Why self-proclaimed “nice guys” won’t ever be winners
By Alex Stanton, Staff Writer
There comes a time in every man’s life when he realizes that the rules your parents teach you to live by are very distinct from the rules that the world actually runs by. In fact, most moral lessons your parents imparted to you are not only wrong, they’re outright lies told to you by authority figures to keep you in check. Realizing this fact is an essential part of becoming an adult; how you react to this realization will define who you are.
Occasionally, a man will grow up, get a glimpse of the truth about the unfairness of life, and pretend that he heard nothing. Many grown men want to believe that the most important thing in life is being a good person so Santa will bring them presents. They generally have a crippling phobia of conflict, which leads to a lack of assertive behaviour (and lost opportunities). Most amusing of all, when it comes to women, they don’t just believe in the Middle Ages chivalry bullshit, they go all the way in, giving their greatest impression of a knight in shining armour. After all, there’s no quality more desirable in a man than how good he is at making those around him complacent and content.
Does that description feel familiar to you? Do you ever feel that you don’t get enough credit for being such a decent all-around person, particularly from women? This common breed of person is what people have taken to calling the “nice guy.” The nice guy finishes last… all the time. Quite frankly, he usually deserves it.
I’ve associated the word “nice” with guys who are being kind to someone who can give them something in return. Sure, many interpersonal relationships are partially built on what one party can do for the other, but the problem with the nice guy is that he believes he’s entitled to everyone’s respect and friendship because he’s “such a good guy.”
These self-proclaimed nice guys generally don’t have any game whatsoever with the opposite sex. Why? Because, as always, they exclusively play up one of the few qualities they have, being a genuinely friendly person.

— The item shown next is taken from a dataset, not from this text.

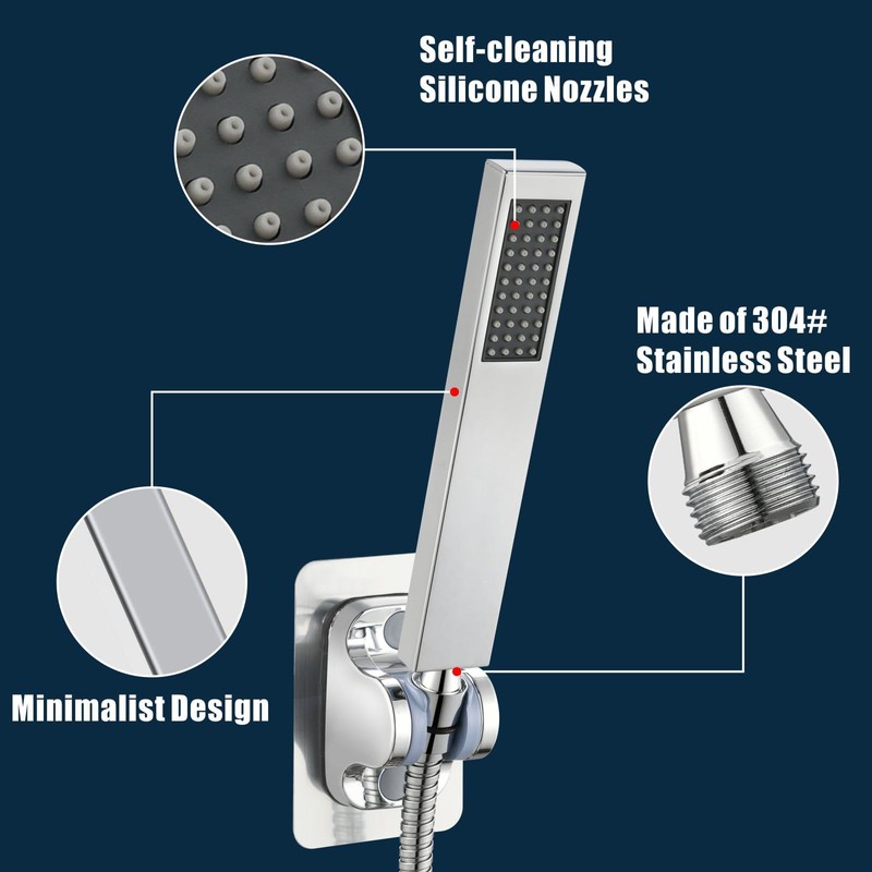 -The Soften Rubber Jet Nozzles prevent the build-up of minerals, easy for Blockage Removal by fingers. The Shower head body made from high quality 304 stainless steel. We use Stainless Steel Hose with the solid brass connection fittings that won't crack or split.
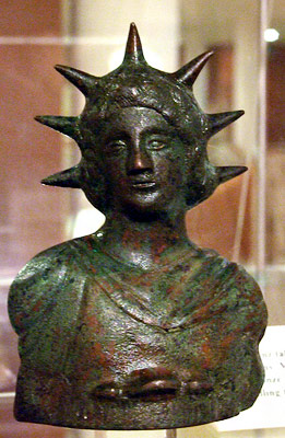 Il culto del Sole Invitto, cioè non vinto, si diffuse a Roma per la prima volta con l’imperatore Eliogabalo (sebbene vi siano emissioni monetali antecedenti del Sole, almeno dell’epoca di Caracalla), che tentò prematuramente di imporre il culto di Elagabalus Sol Invictus, il Dio-Bolide solare della sua città natia, Emesa, in Siria. Eliogabalo fece costruire un tempio dedicato alla nuova divinità sul Palatino. Con la morte violenta dell’imperatore nel 222 questo culto cessò di essere coltivato a Roma, anche se molti imperatori continuarono ad essere ritratti sulle monete con l’iconografia della corona radiata solare per quasi un secolo.

The biggest problem with this attitude is that in order to succeed in various aspects of your life, be it with relationships, your career, or your social life, you need a hell of a lot more than common decency, something that should be expected from everyone in society anyway, regardless of what you get in return for it. A nice guy firmly believes, being as nice as he is to woman, that he’s entitled to her time because he treats her like a princess.
Nice guys, the most important lesson I can give you on your journey to self-improvement is this: “nice” is boring. That’s not to say you shouldn’t keep being a righteous dude, but you need to be more than that. Doormats get stepped on and overlooked by the people that matter in their career due to a serious lack of assertiveness and confidence; and for those of you moaning about how that girl you were so nice to always goes for jerks and assholes, just keep in mind that there is nothing at all interesting or sexually attractive to a woman about overblown chivalry and kowtowing.
Not all hope is lost, nice guys, for I’m a recovering nice guy myself. I can tell you from experience that you can gain the self-respect and confidence that you need to live your life to the fullest. I would get on that now; as long as your personality contains nice guy tendencies, you’ll get nothing but a well-deserved last place trophy.